**Exercise prompt:** For this exercise, output exactly the lines from the opening line of the listing through the line with "Our next General", skipping pictures.

*** Opening of Data ***

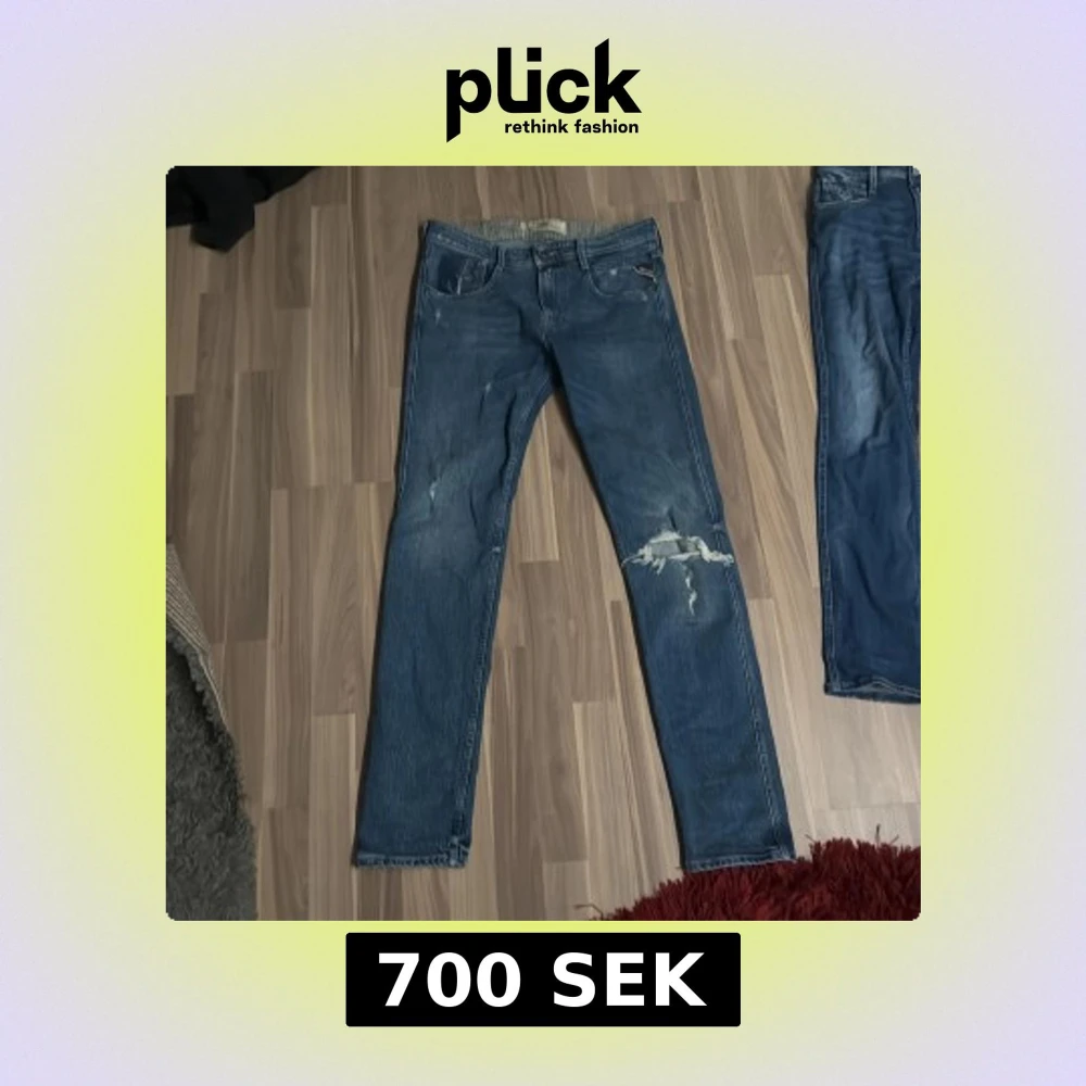 Säljer ett par snygga blå jeans från Replay med slitna detaljer och klassisk femficksdesign. De har en knappgylf och är tillverkade i ett slitstarkt denimtyg. Perfekta för en avslappnad stil.
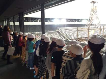 今日はとても天気がよく、校外学習日和!3年生は全員そろってくらしの今昔館と扇町公園へ行ってきました。
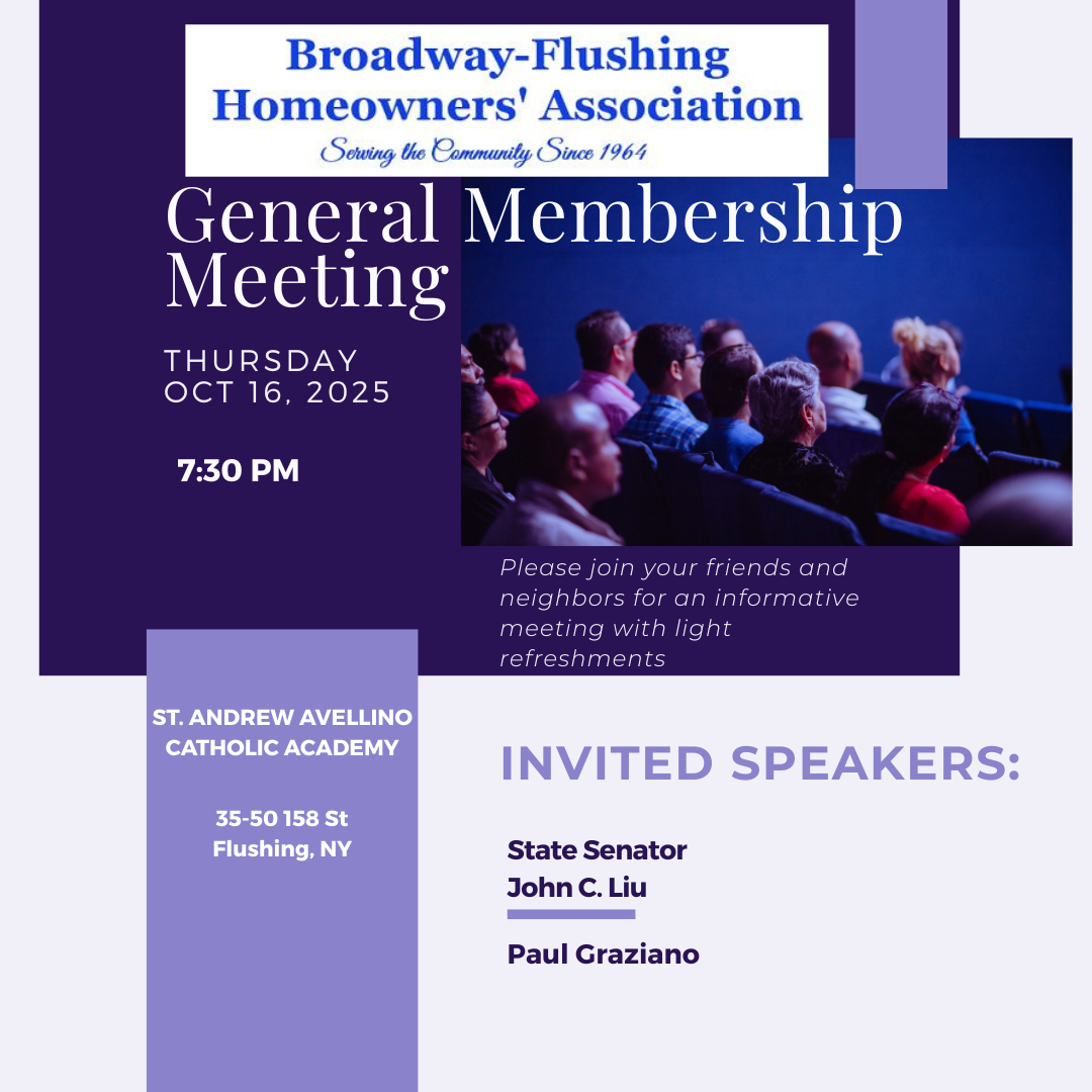 Our next General Membership meeting will be Thursday, October 17 at 7:30pm at St. Andrew Avellino Cafetera on 158th Street between Northern Blvd. and 35th Ave.
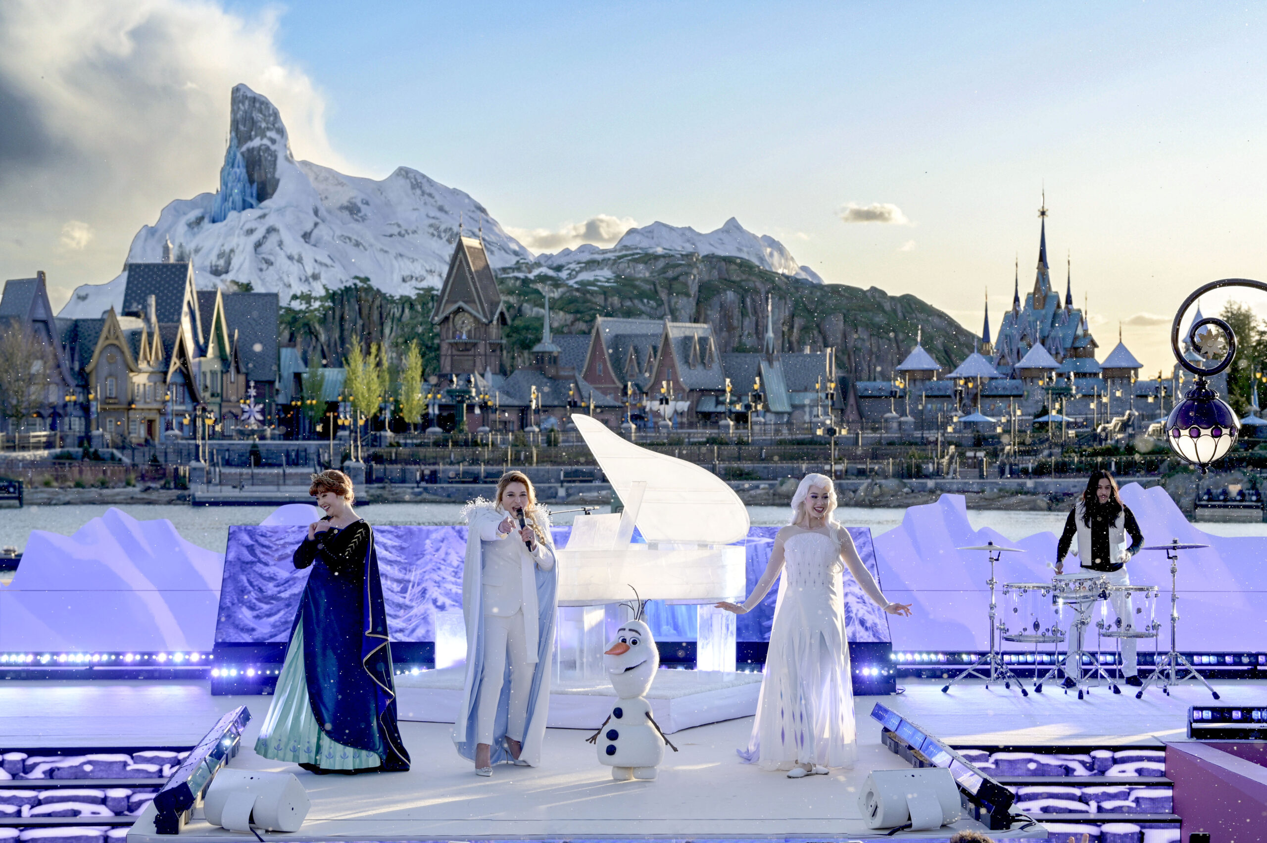 Na een feestelijk moment met Josh D’Amaro, Natacha Rafalski en Thomas Mazloum, ging de ceremonie verder met Rapunzel, Flynn en hun vrienden. De groep bracht een ontroerend muziekstuk ten gehore als eerbetoon aan de nieuwe attractie Raiponce: Tangled Spin op Adventure Way. Vervolgens zong de Franse zangeres Santa “Into the Unknown”, het iconische nummer uit Frozen 2.

*** Close of Data ***

**Response:**
 Säljer ett par snygga blå jeans från Replay med slitna detaljer och klassisk femficksdesign. De har en knappgylf och är tillverkade i ett slitstarkt denimtyg. Perfekta för en avslappnad stil.
 今日はとても天気がよく、校外学習日和!3年生は全員そろってくらしの今昔館と扇町公園へ行ってきました。
 Our next General Membership meeting will be Thursday, October 17 at 7:30pm at St. Andrew Avellino Cafetera on 158th Street between Northern Blvd. and 35th Ave.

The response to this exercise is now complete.